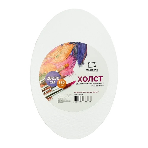 Код товара: 00-00109145Холст грунтованный на картоне Малевичъ 20х30см, 100% хлопок, Овал
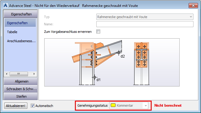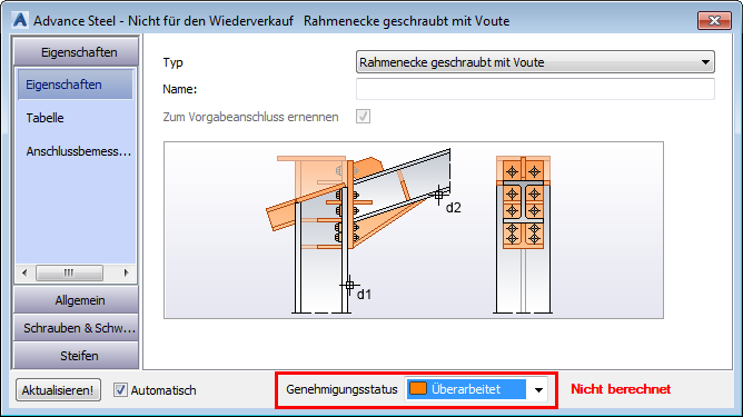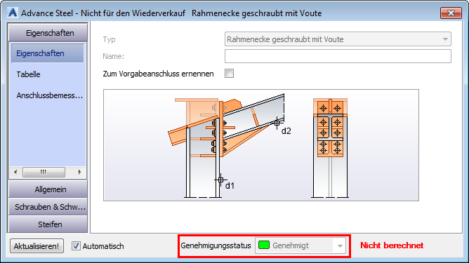 ) verwenden, bleibt der Genehmigungsstatus unverändert. Wenn Sie einen Anschluss aus einer Anschlussgruppe lösen (_AstorDetachSlaveJointFromMaster), bleibt der Genehmigungsstatus des gelösten Anschlusses unverändert.
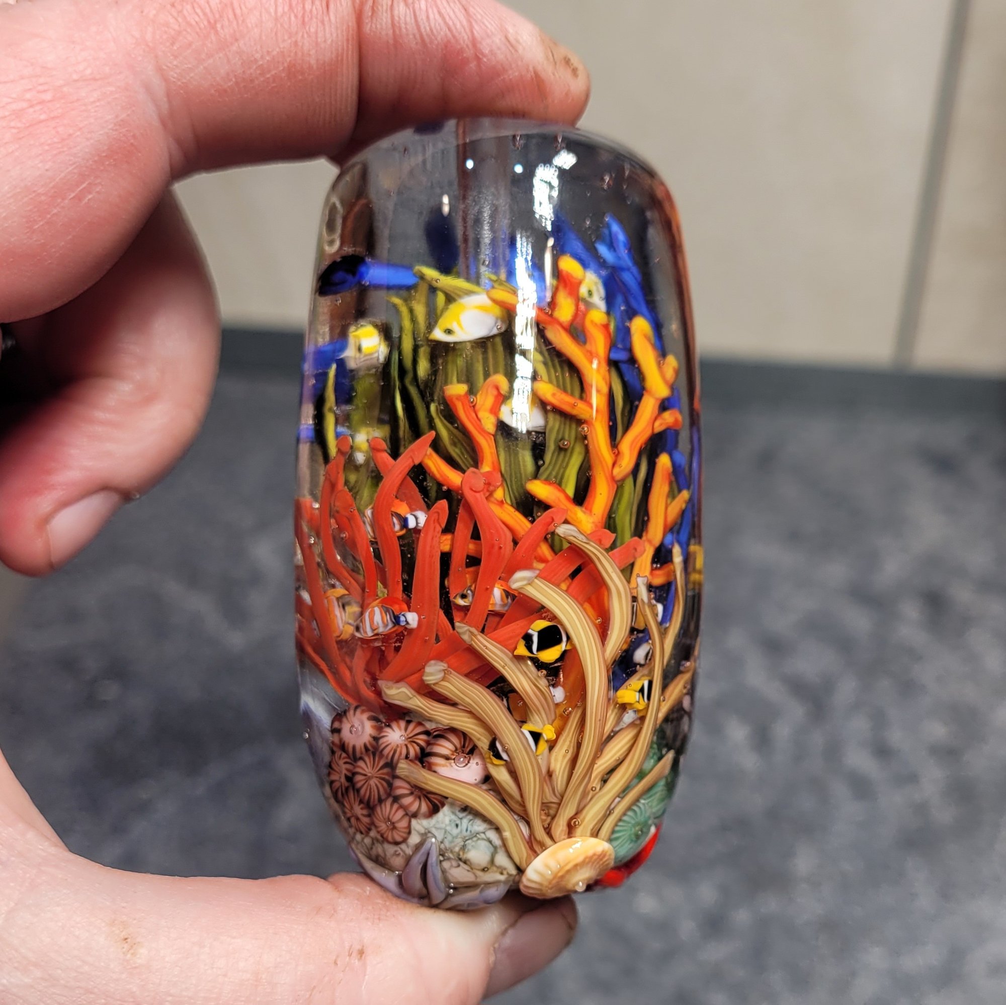 XXXL. Bright Tropical Coral Reef Aquarium - Flameworked Glass Sculpture Bead
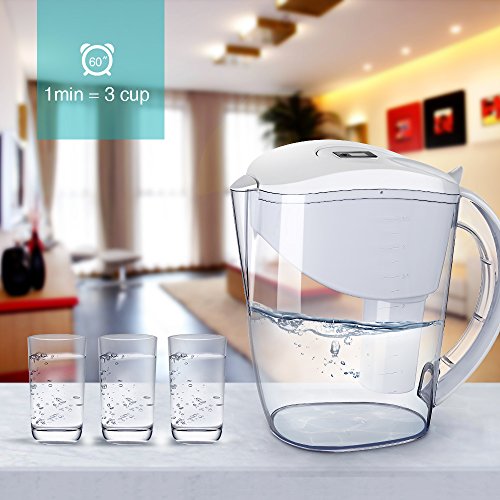 ✔MORE EFFICIENT FILTER-- Pitcher body is 3L while with the reservoir is 2.25L, which means, with Flow Control Tech (0.7L/Min), you can get 10 cup of pure water in 3 min (Equal to about 6 Tins of Coke)
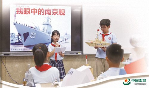 江苏省南京市后标营小学的学生,向来宁参加“南京舰优秀官兵看南京”活动的舰员代表介绍自己制作的南京舰模型。张林芳摄
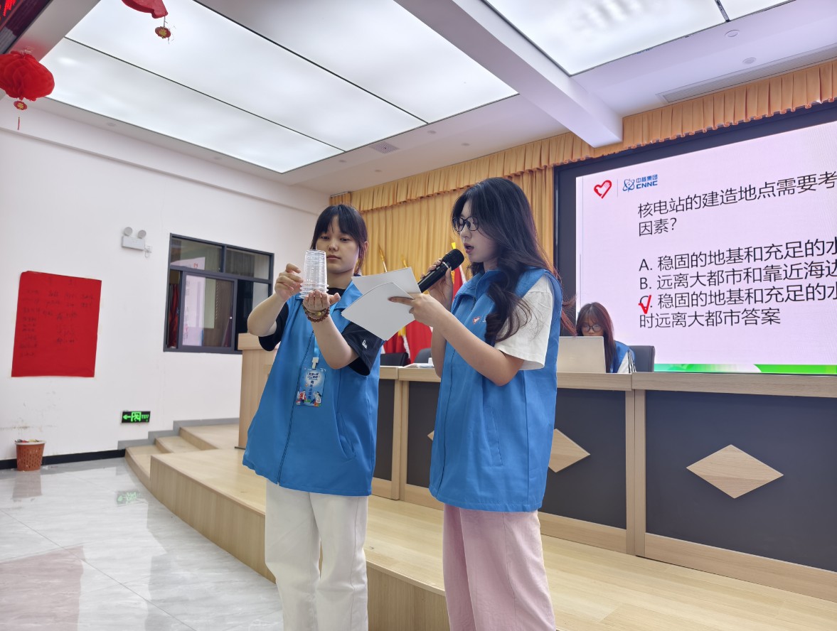 课堂现场气氛活跃,宣讲团成员用道具模拟核电站是如何保证安全的,便于学生理解。
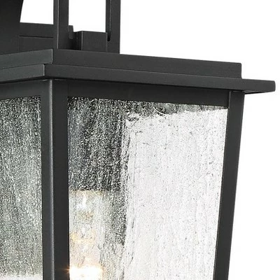 This modern outdoor wall light from the Cantebury collection by Minka Lavery is highlighted by crisp lines and a classic silhouette. The sand black finish and burnt gold finish candle sleeves offer a handsome contrast to this design, while the clear seeded glass shade allows the light to shine bright and clear. It’s a stylish way to light up a back porch or backyard patio.
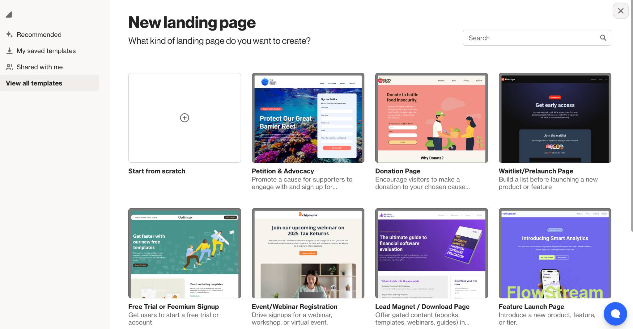 Creating a new landing page
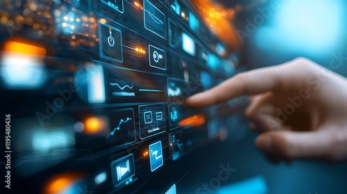 Glowing Cloud based Streaming Network Displaying Digital Media and Analytics on a Futuristic Computer Interface Technology Data Analysis and Business Intelligence Concept
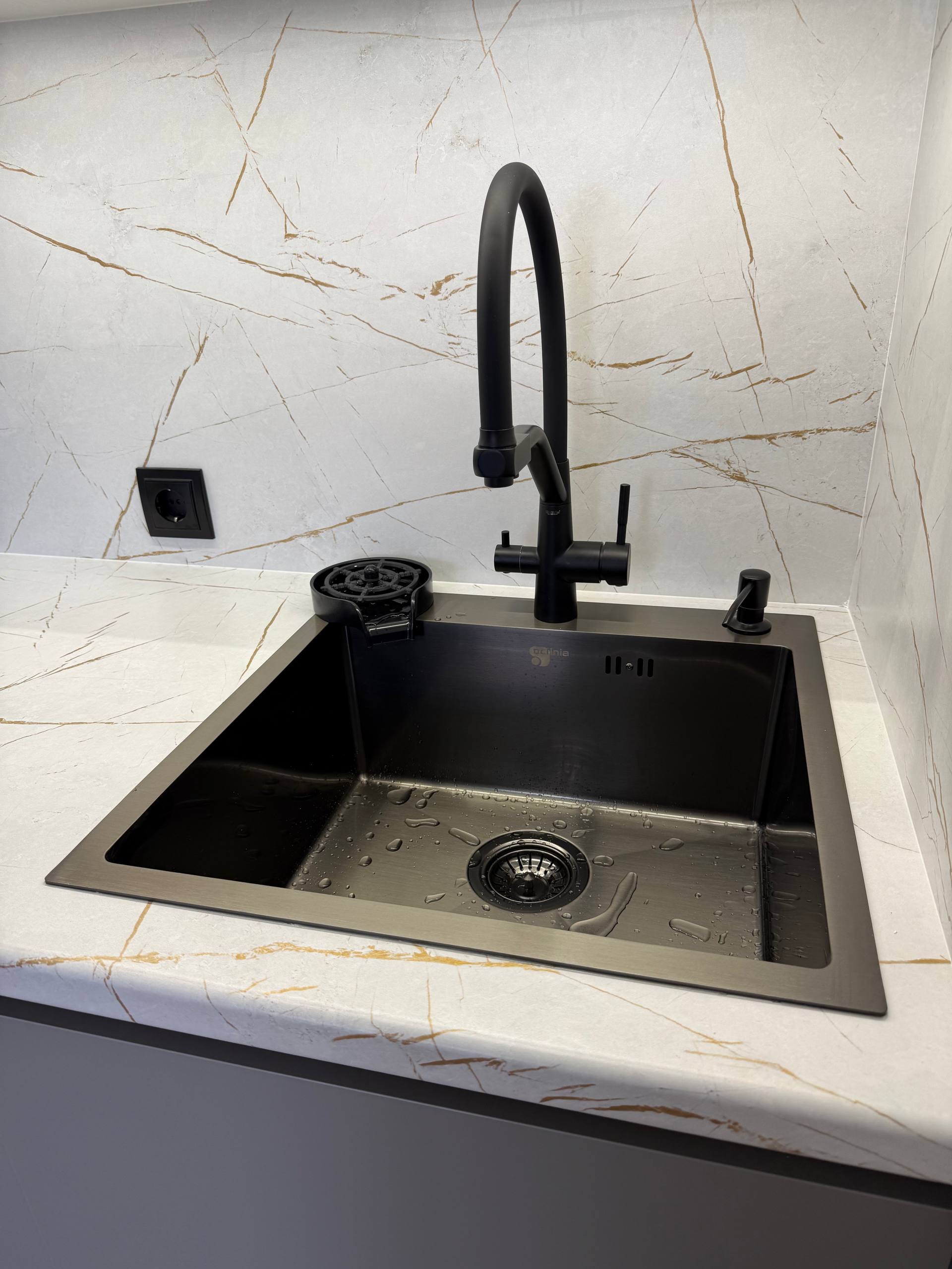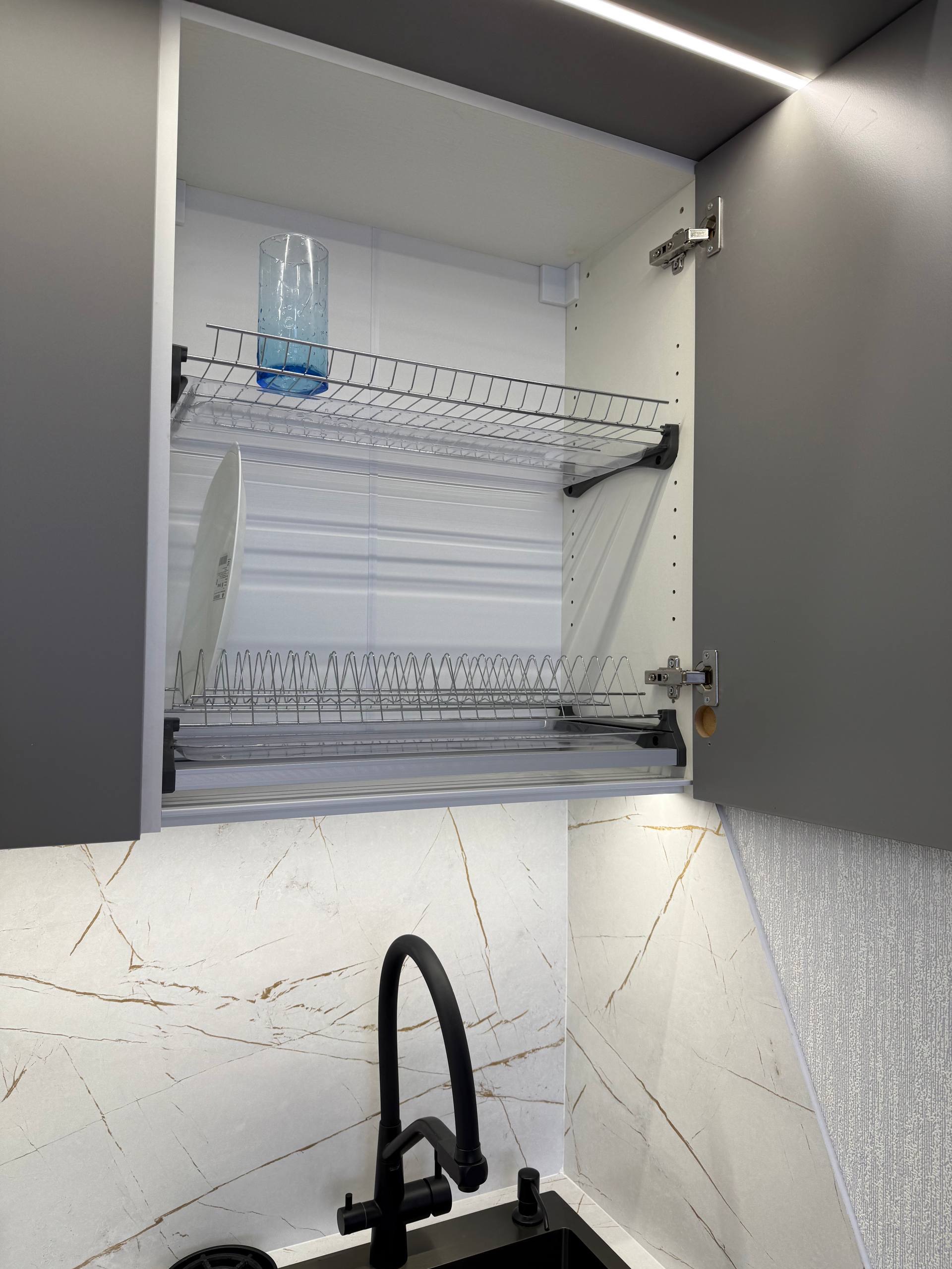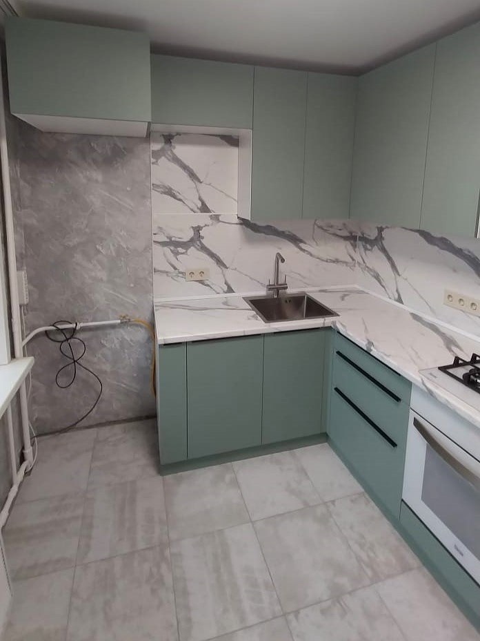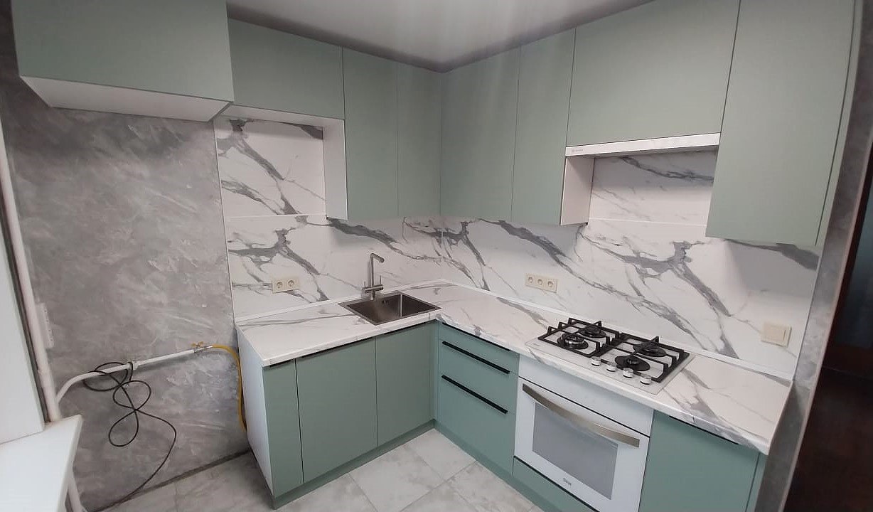Модульная кухня Аттика с пластиковым матовыми фасадами. Покрытие фасада кухонного гарнитура высококачественный многослойный пластик. Торцы дверей закрыты современной ПВХ кромкой. Верхние шкафы кухонного гарнитура Аттика матовый выпускаются высотой 720мм и 920мм. Современная кухня Аттика позволяет собрать гарнитур любой сложности. Можно сделать кухню прямую, угловую, П-образную. С островом или барной стойкой.

**Work task:**
The expected output is the full data above, reproduced exactly with no images.

**Solution:**
 Код товара: 00-00109145Холст грунтованный на картоне Малевичъ 20х30см, 100% хлопок, Овал
 ) verwenden, bleibt der Genehmigungsstatus unverändert. Wenn Sie einen Anschluss aus einer Anschlussgruppe lösen (_AstorDetachSlaveJointFromMaster), bleibt der Genehmigungsstatus des gelösten Anschlusses unverändert.
 XXXL. Bright Tropical Coral Reef Aquarium - Flameworked Glass Sculpture Bead
 ✔MORE EFFICIENT FILTER-- Pitcher body is 3L while with the reservoir is 2.25L, which means, with Flow Control Tech (0.7L/Min), you can get 10 cup of pure water in 3 min (Equal to about 6 Tins of Coke)
 江苏省南京市后标营小学的学生,向来宁参加“南京舰优秀官兵看南京”活动的舰员代表介绍自己制作的南京舰模型。张林芳摄
 课堂现场气氛活跃,宣讲团成员用道具模拟核电站是如何保证安全的,便于学生理解。
 This modern outdoor wall light from the Cantebury collection by Minka Lavery is highlighted by crisp lines and a classic silhouette. The sand black finish and burnt gold finish candle sleeves offer a handsome contrast to this design, while the clear seeded glass shade allows the light to shine bright and clear. It’s a stylish way to light up a back porch or backyard patio.
 Creating a new landing page
 Glowing Cloud based Streaming Network Displaying Digital Media and Analytics on a Futuristic Computer Interface Technology Data Analysis and Business Intelligence Concept
Модульная кухня Аттика с пластиковым матовыми фасадами. Покрытие фасада кухонного гарнитура высококачественный многослойный пластик. Торцы дверей закрыты современной ПВХ кромкой. Верхние шкафы кухонного гарнитура Аттика матовый выпускаются высотой 720мм и 920мм. Современная кухня Аттика позволяет собрать гарнитур любой сложности. Можно сделать кухню прямую, угловую, П-образную. С островом или барной стойкой.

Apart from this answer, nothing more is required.